Elle ne saurait, non plus, faire état de ce que sa solution évitait une diminution de la superficie de la salle d'attente, laquelle avait, de toute façon, été admise lors de l'établissement de la clause de séquestre au bénéfice de travaux consistant donc à déplacer la cloison.
La société civile immobilière du mouvement sera donc déclarée bien fondée en sa demande de libération du séquestre à son profit.
La société civile immobilière du Mouvement ne justifie pas d'un préjudice autre que celui réparé par l'allocation des intérêts légaux de retard.
Elle sera donc déboutée de sa demande de dommages et intérêts pour la somme de 10'000 €.

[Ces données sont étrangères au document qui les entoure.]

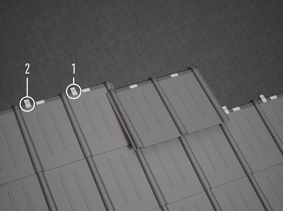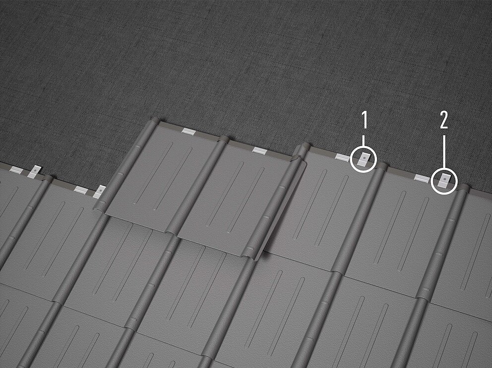 Každú škridlu upevnite dvoma patentovanými príponkami (štandardné upevnenie). Patentové príponky sa upevňujú vždy jedným ryhovaným klincom 2,8/30 alebo 2,8/25. Pri použití hrubších separačných vrstiev použite v prípade potreby dlhšie klince.

Sa demande subsidiaire est, par suite, sans objet.
Il en résulte, enfin, le rejet de la demande de versement du séquestre au profit de la Chambre du commerce et d'industrie de Vaucluse qui n'est pas une demande nouvelle, mais qui est mal fondée.
Le jugement sera donc infirmé.
Vu les articles 696 et suivants du code de procédure civile
PAR CES MOTIFS,
LA COUR, après en avoir délibéré conformément à la loi,
Statuant publiquement, contradictoirement, en matière civile, et en dernier ressort,
Infirme le jugement et statuant à nouveau
En l'état de l'inexécution par la Chambre de commerce et d'industrie de Vaucluse de son engagement contractuel au titre de la réalisation des travaux prévus par l'acte authentique du 12 décembre 2012, ordonne la libération par la Chambre de commerce et d'industrie de Vaucluse de la somme séquestrée de 35'000 € au bénéfice de la société civile immobilière du Mouvement et à défaut d'exécution quant à cette libération, la condamne à payer ladite somme de 35 000€ à la SCI du Mouvement,
Condamne la Chambre de commerce et d'industrie de Vaucluse à payer à la société civile immobilière du Mouvement la somme de 2500 € par application de l'article 700 du code de procédure civile,
Rejette les demandes plus amples,
Condamne la Chambre de commerce et d'industrie de Vaucluse aux entiers dépens de la procédure de première instance et d'appel.
Arrêt signé par la présidente et la greffière.